TASK
Beginning with the line that holds "I Love ΝΟΝΟΣ, Μεταλλικό" and ending with the last line below, please copy every line exactly, add nothing, and leave out the pictures.

DATASET RECORDS
== == ==

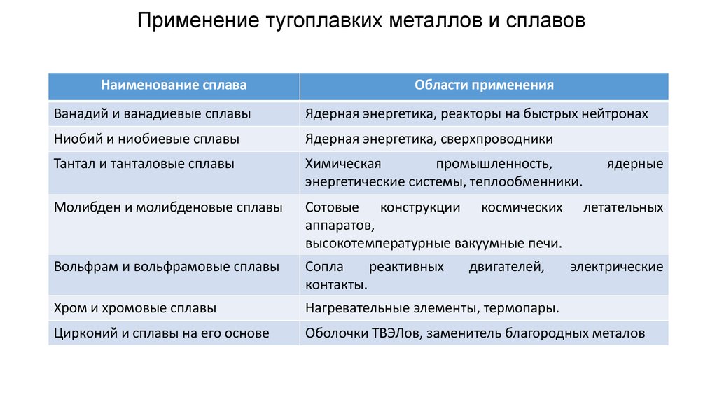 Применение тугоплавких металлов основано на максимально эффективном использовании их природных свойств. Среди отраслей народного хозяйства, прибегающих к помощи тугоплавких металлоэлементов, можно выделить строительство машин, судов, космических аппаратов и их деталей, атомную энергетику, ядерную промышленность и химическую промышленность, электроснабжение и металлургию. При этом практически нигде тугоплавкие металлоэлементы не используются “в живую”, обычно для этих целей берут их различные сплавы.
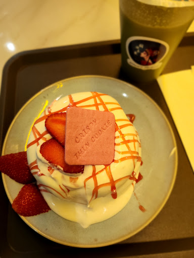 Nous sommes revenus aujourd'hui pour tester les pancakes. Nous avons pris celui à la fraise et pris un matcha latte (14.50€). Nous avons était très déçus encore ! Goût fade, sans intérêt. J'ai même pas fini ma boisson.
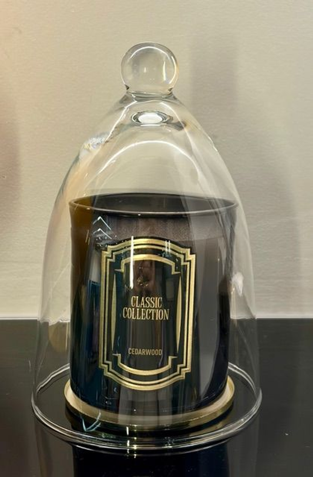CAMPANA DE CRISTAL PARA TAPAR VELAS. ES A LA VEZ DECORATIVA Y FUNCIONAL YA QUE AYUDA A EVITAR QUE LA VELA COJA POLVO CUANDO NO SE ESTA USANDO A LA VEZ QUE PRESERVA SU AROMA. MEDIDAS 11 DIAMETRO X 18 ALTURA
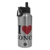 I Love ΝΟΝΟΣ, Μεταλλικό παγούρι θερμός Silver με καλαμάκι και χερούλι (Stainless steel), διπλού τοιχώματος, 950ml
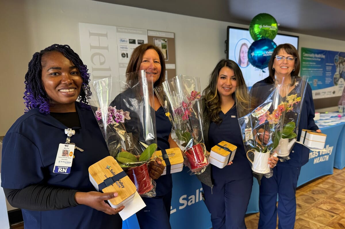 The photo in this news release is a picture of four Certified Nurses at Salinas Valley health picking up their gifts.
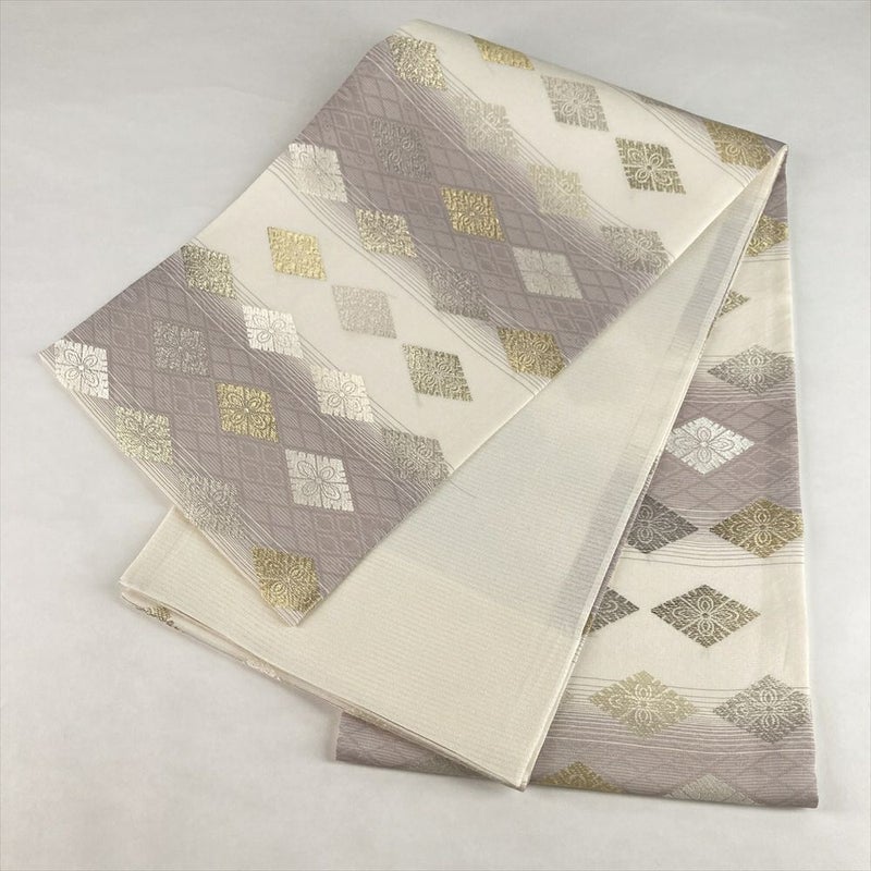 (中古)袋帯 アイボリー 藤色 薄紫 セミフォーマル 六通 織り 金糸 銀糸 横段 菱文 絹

== == ==

WRITTEN SOLUTION
 I Love ΝΟΝΟΣ, Μεταλλικό παγούρι θερμός Silver με καλαμάκι και χερούλι (Stainless steel), διπλού τοιχώματος, 950ml
 The photo in this news release is a picture of four Certified Nurses at Salinas Valley health picking up their gifts.
 (中古)袋帯 アイボリー 藤色 薄紫 セミフォーマル 六通 織り 金糸 銀糸 横段 菱文 絹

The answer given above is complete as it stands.